MySQL HeatWave Lakehouse brings the power and speed and convenience of MySQL HeatWave to querying data in object storage. In our first blog post in the HeatWave Lakehouse series presented an overview of the new capabilities of HeatWave Lakehouse and how it extends the MySQL HeatWave portfolio by allowing users to process and query hundreds of terabytes of data in the object store—in variety of file formats, such as CSV, Parquet, and cloud database exports (e.g., Aurora and Redshift). In another blog post, we presented a walk-through on how to get started with MySQL HeatWave Lakehouse, including system setup, loading of data and then running queries on loaded data.

In this blog post, we continue our series, and we discuss how MySQL Autopilot’s new capabilities automate the data management tasks in HeatWave Lakehouse in particular, automating the process of ingesting data from external sources and enhancing the query execution. Before we dive into these new capabilities, let’s talk about Autopilot with a quick tour of its existing capabilities.

Background on MySQL Autopilot

MySQL Autopilot automates the most important and often challenging aspects of achieving high query performance at scale—including provisioning, loading, querying, and failure handling. In other words, it employs machine-learning-based automation to facilitate and enhance the three main stages of data management: system setup, data load, and query execution. It also facilitates the process of handling failures.

MySQL Autopilot
MySQL Autopilot automates different aspects of the MySQL HeatWave service to improve performance, scalability, and usaability of the system. The highlighted items are new/enhanced features related to MySQL HeatWave Lakhouse.
  • System Setup: Auto Provisioning and Auto Shape Prediction capabilities help users allocate the right amount of resources that match their needs in analytical and transactional processing respectively.
  • Data Load: Auto Encoding and Auto Data Placement determine the optimal representations and partitioning of data to achieve the best query performance, while minimizing the amount of resource needed (and hence the overall cost). Auto Parallel Load and Auto Unload automate and optimize the process of loading and unloading data into/from HeatWave by predicting the memory usage of the tables.
  • Query Execution: Auto Query Plan Improvement and Time Estimation, Auto Scheduling, and Auto Thread Pooling, all together, enable the system to intelligently determine when and how queries should be processed to achieve optimal performance. Auto Change Propagation determines the optimal time to propagate changes from MySQL Database to HeatWave, maintaining the freshness of data without degrading the performance of running queries.
  • Failure Handling: Auto Error Recovery automatically provisions new nodes and reloads necessary data in case of a failure.

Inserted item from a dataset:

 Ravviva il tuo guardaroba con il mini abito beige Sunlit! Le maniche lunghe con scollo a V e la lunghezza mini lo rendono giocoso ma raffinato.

In the subsequent part of this blog post, we will talk about the new capabilities of MySQL Autopilot in the context of MySQL HeatWave Lakehouse.

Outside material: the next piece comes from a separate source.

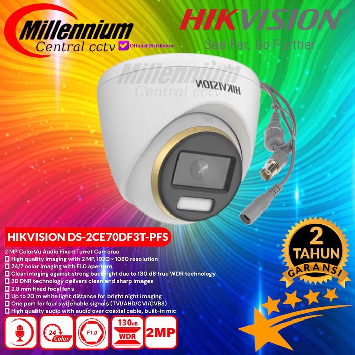 Camera Cctv Indoor Colorvu + Audio 2Mp Hikvision Ds-2Ce70Df3T-Pfs
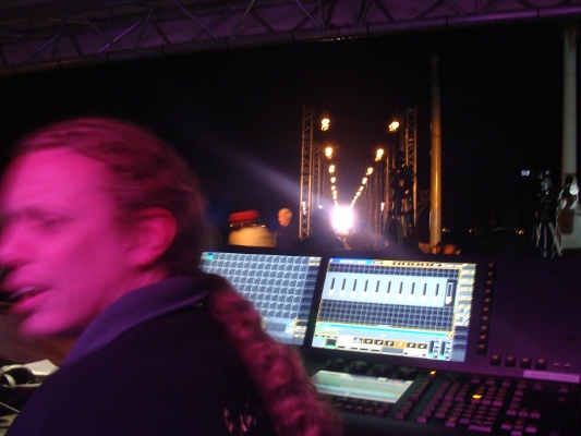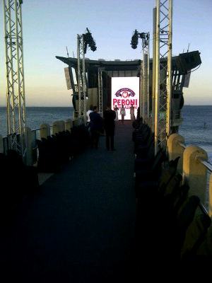 Black Coffee supplied the full technical. The dimmers were at the beginning of the 120m ramp (pier), and there was a socopex run to each of the twenty-four 5m long truss totems erected and reinforced along the pier. Each totem was topped with 6 Par 64s. Set up was two days prior to the event. Simon Hampton was the lighting designer and operated the grandMA2. Also part of the team was Brandon Bunyan and Llewellyn Pieters. Needless to say, they did their fair share of walking.

MySQL Autopilot for Lakehouse

​System Setup: Adaptive Data Sampling and Auto Schema Inference

This section answers the following questions:

  • How to know the schema and create one for files stored externally in the object store?
  • How big of a cluster do I need?
  • How long the load will take?

Autopilot’s Auto Provisioning capability provides recommendations on how many HeatWave nodes are needed to run a workload. For internal InnoDB tables, the data size is already known, the schema is already defined, and the system has table statistics/metadata, and more information can be further collected by Autopilot via data sampling. In the context of Lakehouse and its external tables, however, most of this information is missing and must be inferred from the external data files stored in the object store.

Autopilot’s two new capabilities come to the rescue and facilitate the process of ingesting data. Using Adaptive Data Sampling, Autopilot collects the needed statistics directly from the files stored in the object store. Using intelligent and adaptive sampling techniques, the process is quick and accurate. The collected information is then used by Auto Schema Inference to provide a schema definition for tables that are not defined yet, and by Auto Provisioning and Auto Parallel Load to estimate how many HeatWave nodes are needed and how long the load operation might take. The whole process is integrated into the already familiar Auto Parallel Load interface, allowing the users to ingest internal InnoDB tables together with external lakehouse tables in a single invocation.

Autopilot intelligently samples portions of files in object storage, collecting accurate statistics with minimal data access.
Autopilot intelligently samples portions of files in object storage, collecting accurate statistics with minimal data access.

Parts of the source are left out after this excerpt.